Wednesday, February 28, 2007

 

All's Well That Ends Well

So. Band Leader and I had a few good converstions and we worked everything out. We covered a lot of ground. I understood some major things that I didn't before. He understood some things that he didn't before. We're straight on everything. I will be back out at the country club starting on Saturday. Whew!

Monday, February 26, 2007

 

Ten Years Ago

Ten years ago today, I was about 5 hours and 10 minutes away from my water breaking. I was about 8 hours and 10 minutes from meeting the person that would change my life. Ten years ago today I was about to learn the meaning of true love. Oh sure. I always knew I had the capacity to love with all of my heart BUT the minute that he arrived I finally GOT IT! He has made me a better person. Ten years ago today I gave birth to a beautiful, energetic, smart, fun, funny, terrific, charming, thoughtful and loving baby boy. Happy birthday, my beautiful small child. God blessed me the day that you were born and I thank Him every night for the gift of you. May God bless you with a lifetime full of happy birthday celebrations. I hope that your tenth birthday is lovely and special just like you.

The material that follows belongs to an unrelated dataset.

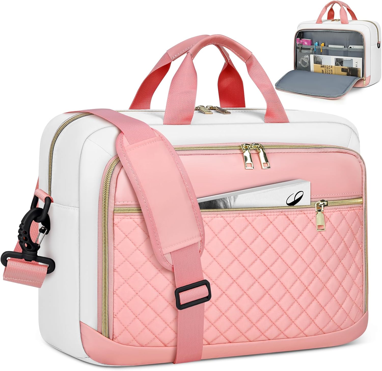 NEWHEY Laptop Bag 17.3 Inch Laptop Briefcase for Women Men Waterproof Shoulder Messenger Bag Large Computer Bag for Business Office Work College, Pink&Beige

And I hope that you don't beat me and Dad at miniature golf today.

I love you,
Mama

Tuesday, February 20, 2007

 

Big Debut! Loralee C. & Loralee C. Sing Together For the First Time!

Well....what are you doing here? You must get over to Loralee Choate"s blog:

http://www.loraleeslooneytunes.blogspot.com/

We finally have our duet posted and ready for you to hear.

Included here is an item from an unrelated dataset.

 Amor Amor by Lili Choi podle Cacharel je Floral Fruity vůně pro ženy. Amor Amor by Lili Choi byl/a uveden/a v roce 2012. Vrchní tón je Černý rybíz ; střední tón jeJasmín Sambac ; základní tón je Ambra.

Long story short: Last June I was googling my own name at two in the morning. Yeah. Sad but true. But had I not been up late googling I would have never found the lovely Loralee's Looney Tunes. I popped over there only to find the blog of this incredibly beautiful, accessable, honest, sexy, funny-as-hell woman from Utah. Not only that but she was a Loralee C. . . . that sings! We started e-mailing each other and then talking on the phone. Before you know it . . . Bam! We're friends. We really click! About six months ago we get this idea of singing a duet together. There was a bit of a hurdle though as Ms. Choate is classically trained and I'm a rock singer. We both decided that since we love the song "For Good," from the Broadway musical "Wicked," that we should sing that. We were both willing to "color outside of the lines" a little. You know, explore unfamiliar territory. I asked small child's dad if he would record it for us. Before you know it, he's handed over these AMAZING music tracks. I then recorded my vocal here in California. Then it was Fed Ex-ed to Utah for LL to do her vocal and then sent back to California. Finally, small child's Dad, Naren, mixed and mastered it. (He recorded all of the instruments, engineered, mixed and mastered it. He is so freaking talented.) The final result is beautiful. LL and I pulled it off. We sound fabulous alone and fabulous together. It was a true work of love and I can't wait to do the next song with her. I hope you enjoy hearing it as much as we enjoyed putting it all together for you.

Well, what are you waiting for? Get on over there and check it out!

Saturday, February 17, 2007

 

Barry And Richard

My good friend Barry . . . yes . . . over there to the left . . . you see him?? . . . He's the "mighty good songwriter" link over there. Anyway, my good friend Barry has this quote on his Myspace music page. I LOVE this quote. It puts everything into perspective:

"Here is a test to see if your mission in life is complete: If you're alive, it isn't."
(Richard Bach, "Illusions")

Thanks for sharing this with us, Barry. I have played this in my head many times this week. Not only are you an amazing person, insightful songwriter AND you have your own video now (That's right. He has his own video. His song is in a movie and they made a video. If you want to see it you can go to his current blog post and click on the link.) BUT you're pretty damn wise.

Friday, February 16, 2007

 

MRI's and CT Scans

Small child's dad spent the day in ER. He gets headaches all the time. Today was the third day of a headache that just would not go away. So the doctors did an MRI on him and saw something. Scary. They then did a CT scan. Small child's dad had to wait for hours for the results. They were looking for tumors or an anuerysm. Well. Turns out he's just fine. Thank heavens. I asked him what they saw originally, to get them to do the CT scan, and he told me that he has a "stressed" artery (can't remember the medical terminology) and that whenever the doctors see that they do a scan. The stressed artery is nothing to worry about. Diagnosis: Migranes. They gave him a perscription. He should be okay by tomorrow.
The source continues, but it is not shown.